*WORK ITEM*.
Pictures stay out of the copy. Repeat exactly the lines from the first entry below through the line that contains "Sky Blue Monochrome", and nothing beyond.

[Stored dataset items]
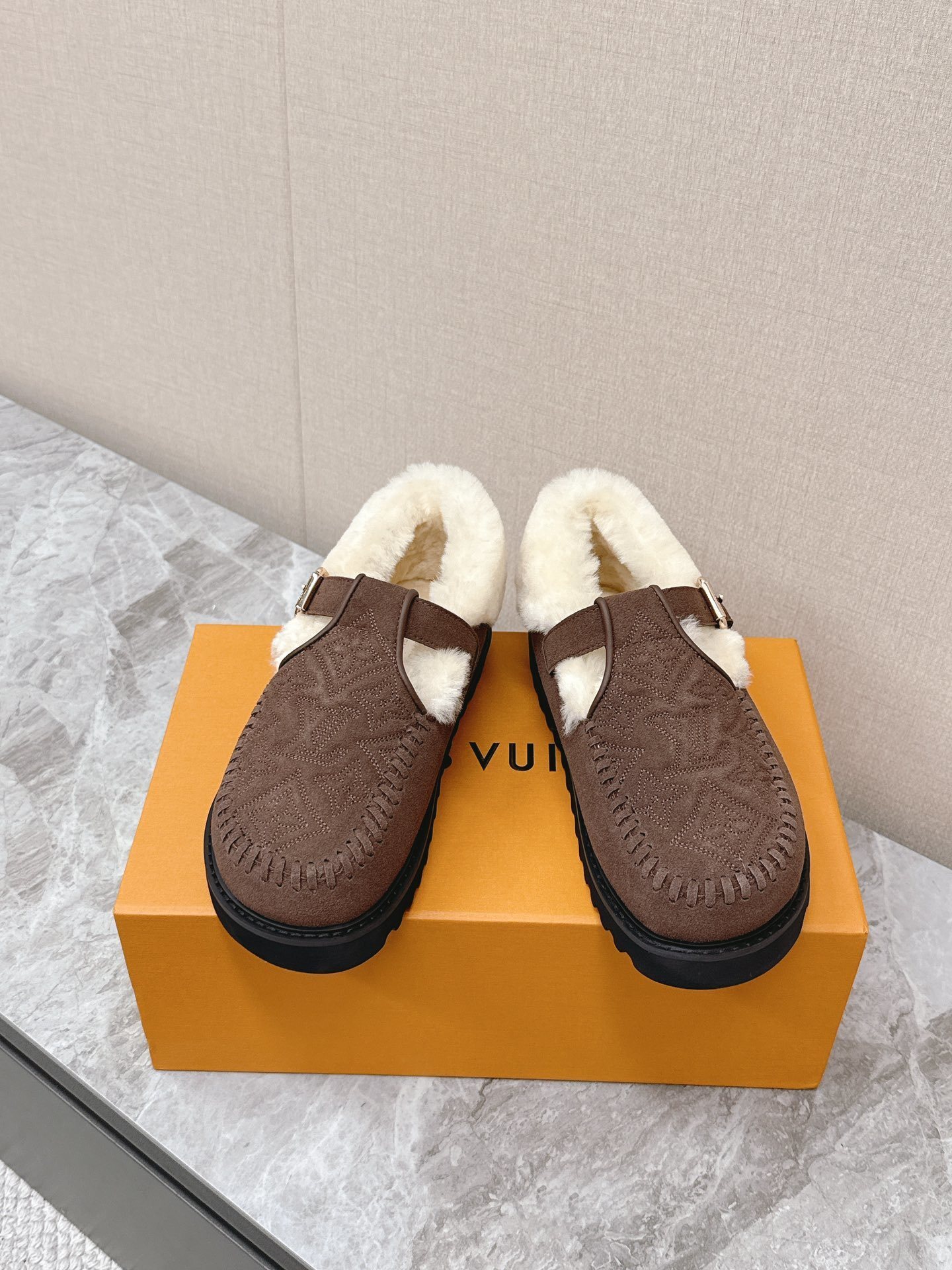 Louis Vuitton Monogram Brown Suede Shearling-Lined Loafers
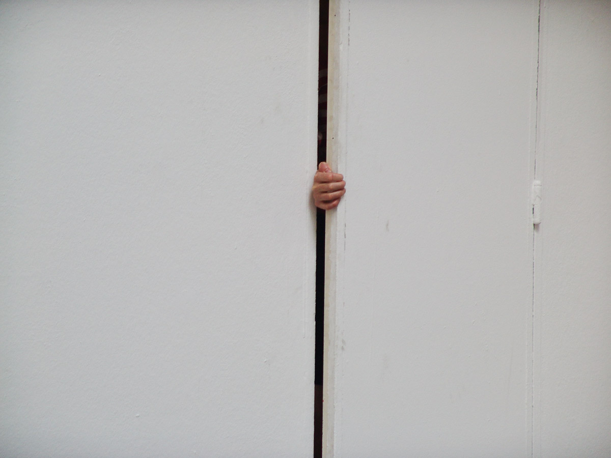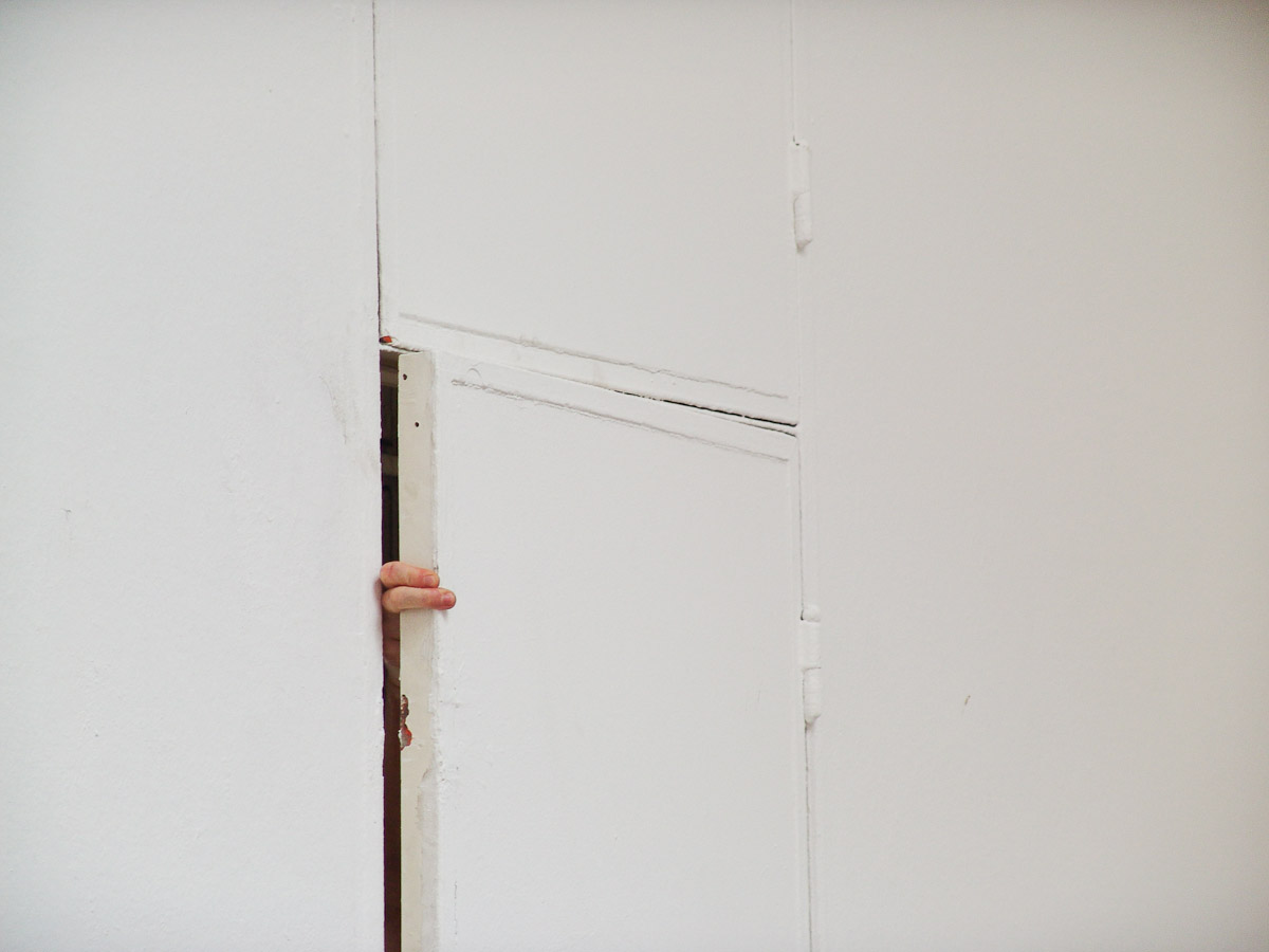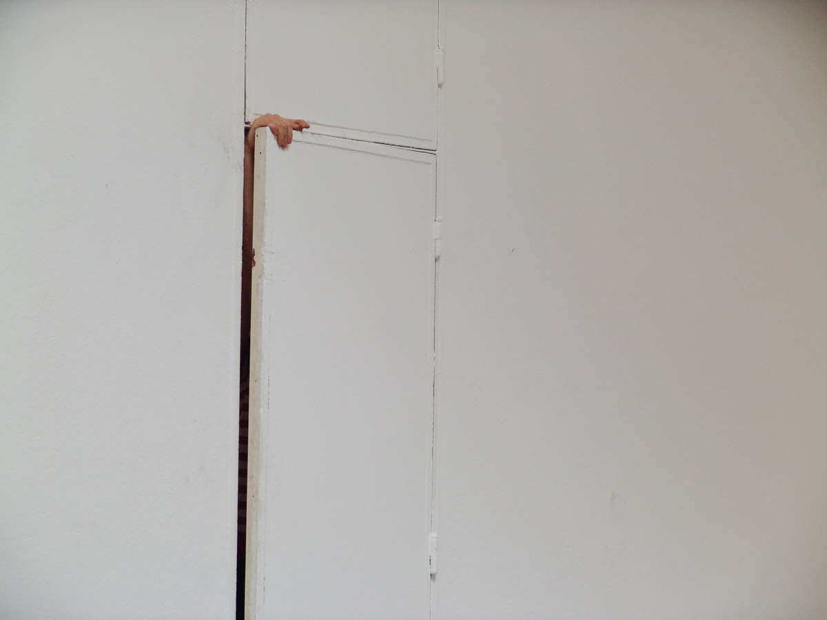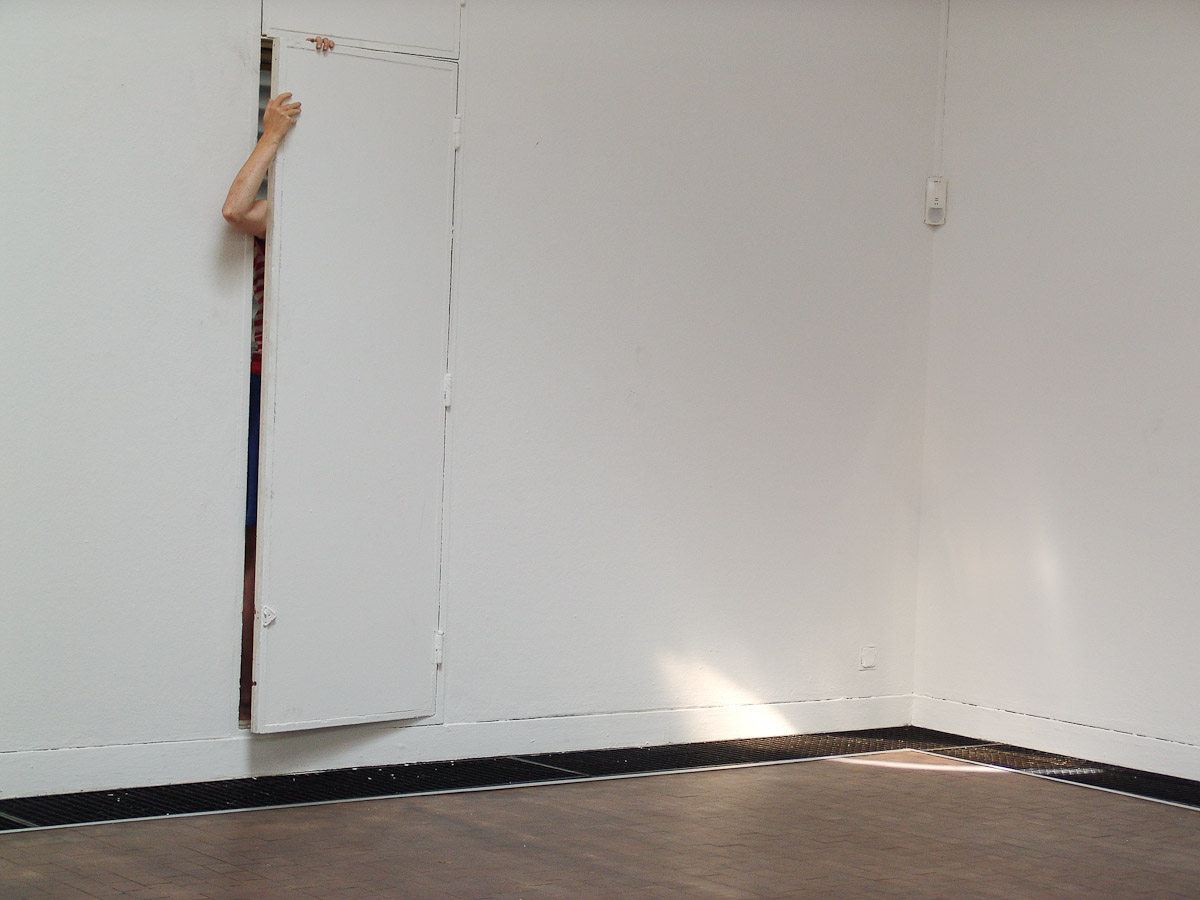 Workshop with Boris Nieslony. Working with the small space. Behind the only vertikal window. A very small left-over-space.
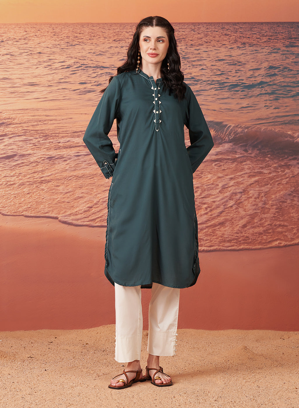 Sky Blue Monochrome Embroidery Cotton Gauze Kurti
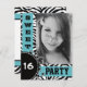 A very modern and stylish black and white zebra pattern design that works well with black and white photographs of your daughter celebrating her sweet sixteenth birthday! High contrast or selective colour photos would also look sharp! This design features bold electric blue colour bands, large block letter text and wild zebra print pattern to draw attention to the most important part of the page - your sweet 16er! Invite all of her girl friends to a special sweet 16 celebration with this pretty feminine, high fashion and trendy card. . It has several easy to customise text areas on the reverse side for your birthday girl's name and all sleepover or celebration party details, as well as rsvp contact information. Click the handy customise button to resize/reposition your photo if necessary and ensure that it covers the entire photo area.
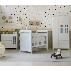que tal o quarto infantil ariel?seu bebê merece um espaço mobiliado com todo o carinho e atenção, por isso o quarto ariel é ideal para acompanhar a rotina e crescimento dele. composto por 1 berço onde ele vai recarregar as energias, 1 cômoda e 1 guarda-roupa com compartimentos para que as roupinhas, itens pessoais e até brinquedos fiquem bem armazenados, esse kit atende a todas as necessidades da criança e, claro, das mamães e papais. outro fator importante é o design leve e delicado das peças que, aliado à cor branca, oferece um visual fácil de incorporar à decoração, permitindo que você brinque com tonalidades e estampas. ah, para deixar o combo ainda mais funcional, o berço pode se transformar em uma minicama, bastando pequenos ajustes para que ele possa fazer parte também dos estágios mais avançados da infância - os rodízios precisam ser substituídos pelos pés fixos, como mostra a imagem, tá? pronto! o cantinho de descanso e desenvolvimento do seu filho não poderia ficar mais completo ;)
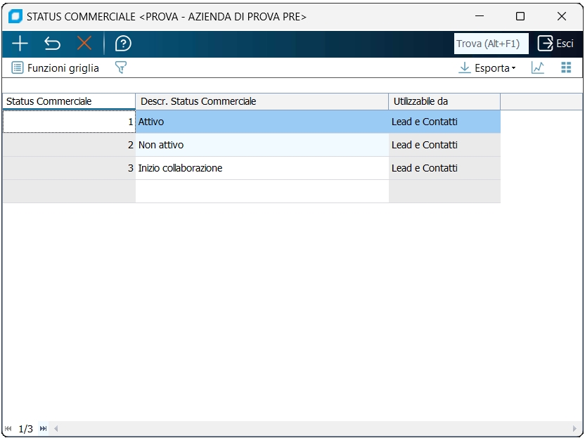 Tramite questo programma è possibile definire un elenco di status commerciali da usare poi in gestione lead o in rubrica o in entrami i programmi.

*RESULT OF THE TASK*.
 Louis Vuitton Monogram Brown Suede Shearling-Lined Loafers
 Workshop with Boris Nieslony. Working with the small space. Behind the only vertikal window. A very small left-over-space.
 Sky Blue Monochrome Embroidery Cotton Gauze Kurti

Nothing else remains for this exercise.